The biometric screening firm began trading yesterday on the New York Stock Exchange, surging 35% in early trading, but is the stock a buy?
Biometric screening firm, Clear (NYSE: YOU), opened its first of trading at $38.55 per share on Wednesday on the New York Stock Exchange. In early morning trading yesterday, Clear shares jumped 35% to reach a high of $41, trading under the ticker “YOU” (referring to its motto: “you are you”).
The day prior, Clear priced around 13 million of its shares at $31 apiece, slightly above its initial $27 to $30 share price range. The successful launch gave Clear a value of $4.5 billion.
Thanks to some huge names backing the company, such as Danny Meyer and the NFL, Clear gained the attention of Wall Street ahead of its market debut. These same backers helped the firm to raise $100 million back in February.
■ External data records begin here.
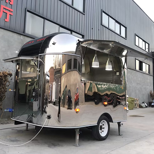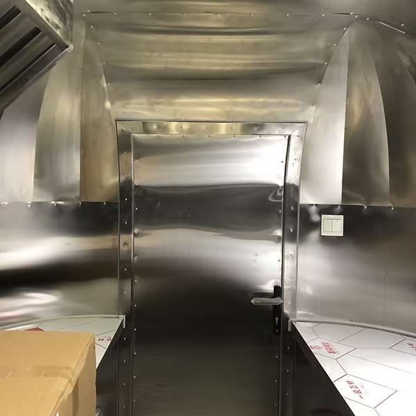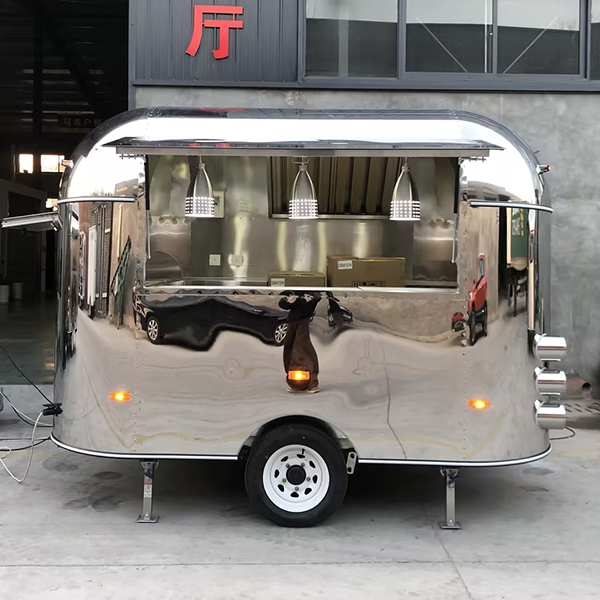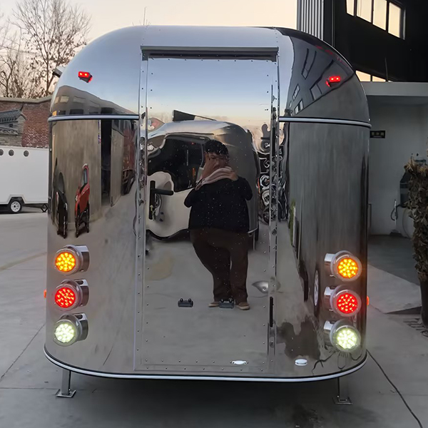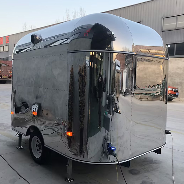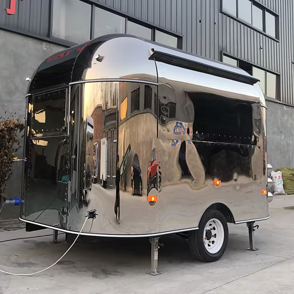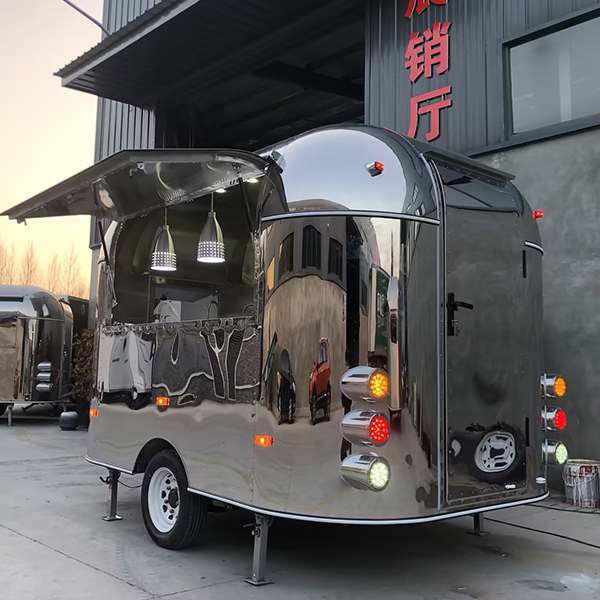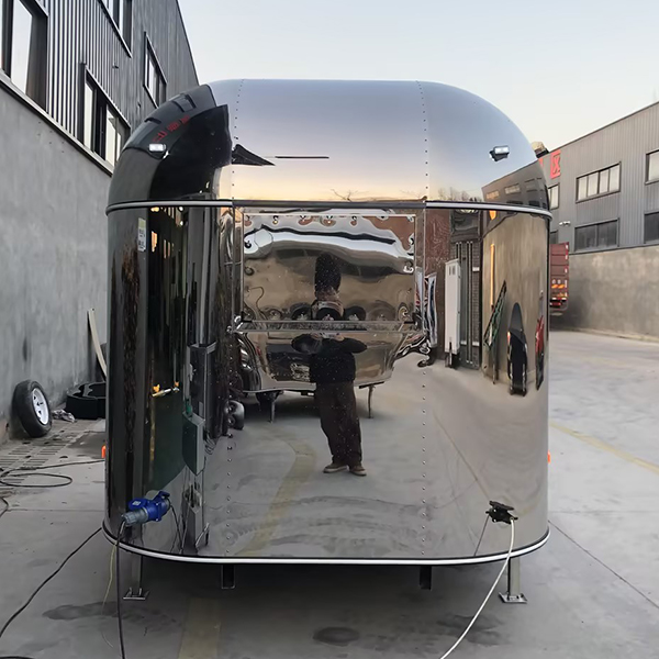 The 10ft mirror airstream food trailer is a stylish and functional mobile catering solution designed to make a striking impression at any event. Its highly reflective mirror finish not only adds a touch of modern elegance but also ensures high visibility, making it an eye-catching centerpiece for catering services. The trailer’s compact size allows for easy maneuverability and placement, while still providing ample space for culinary operations.
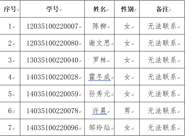 根据《普通高等公司员工管理规定》第三十条第一款和《beet365研究生学籍管理规定》第三十一条第一款规定,下列7名同学已超公司规定的最长学习年限内(含批准休学及延期)未完成学业,经公司2023年第1次董事长办公会审议,决定对其作退学处理。
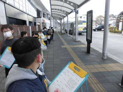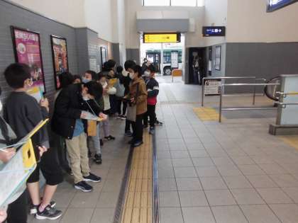 0201 4年 総合的な学習の時間 「町調べ1」 公開日 2023/02/01 更新日 2023/02/01 4年生 事前に町調べをする計画を立てたので、4つのコースに分かれて町調べをしました。駅やバス停などの人通りが多いところや商店街や納所の交差点付近などの交通量の多いところへ出かけました。目が不自由な人が安全に歩くことができる場所や危険な場所など、気づいたことをプリントにまとめたり写真に記録したりしました。
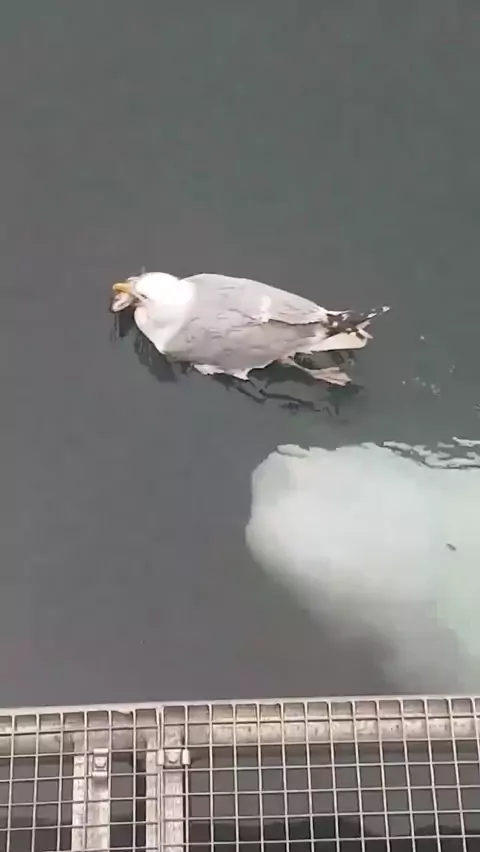 Baleia Beluga brincando com Gaivota.😍😍😍🥰🥰🥰🥰🥰❤️❤️❤️❤️
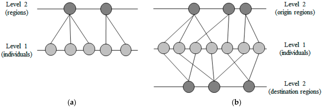 The hierarchical linear modeling allows us to explore the effects of both individual and regional characteristics on interregional migration within a single model. However, migration has a more complex data structure in which the individual level units are cross-classified by two regional level units: origin and destination. Individuals are classified by origin region, that is where they come from, and destination region, where they currently live. Because an individual’s migratory behavior is influenced by individual, as well as origin and destination region characteristics, we adopt a hierarchical cross-classified linear model as our research model (Figure 1b). This is a two-level structure with individuals at Level 1 nested within the cells of the Level 2 cross-classification [59]. A general hierarchical linear model or classical approach is insufficient to treat individuals classified by origin and destination, that is the cross-classification of individuals by region [60]. Thus, the hierarchical cross-classified linear modeling allows us to analyze two-way data and estimate the push effects from the origin region and pull effects from the destination region.
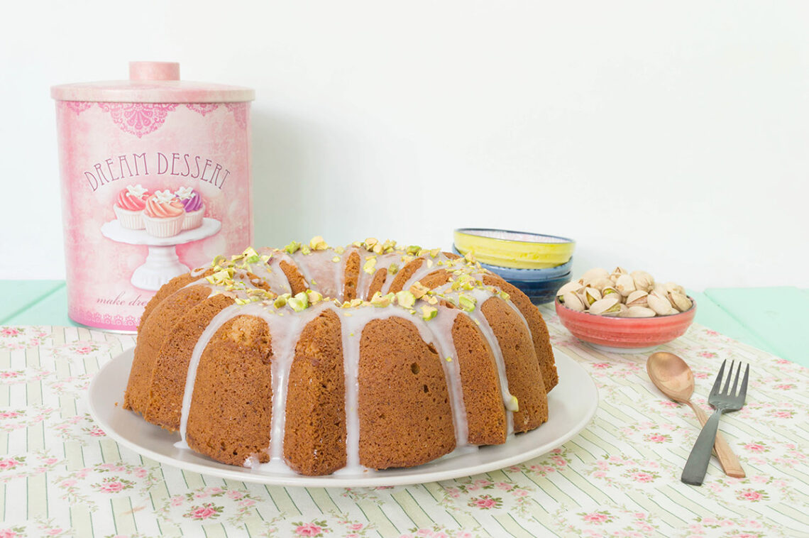Hoy traigo una receta que ha triunfado en casa. Un bundt cake de pistachos. En casa somos fans de los frutos secos y últimamente de los pistachos.

In Clear’s IPO prospectus, the firm stated that revenue fell 17% in Q1 compared to the year prior with the pandemic taking a huge hit on the company’s financials. Prior to the health emergency, Clear’s revenue jumped 20% to $230.8 million in 2020.
The biometric screening company said it currently has 5.6 million members, is in 38 airport locations, and has 26 sports and entertainment partners.
Is Clear a good investment?
Clear is one of the leaders in biometric security and is considered a disruptor in the industry. The company started out by helping travelers race through airport lines after 9/11 tightened security. With the subscription service, users who paid $179 per year were allowed to use Clear services in sports stadiums and entertainment venues.
The company pivoted to move into biometric screening for COVID-19 as travel plummeted during the pandemic. CEO of Clear, Caryn Seidman-Becker, was not surprised when travel stopped as she had been watching the virus unfold around the globe which made her realize that a fast-pass for airport security lines was not going to be the main priority.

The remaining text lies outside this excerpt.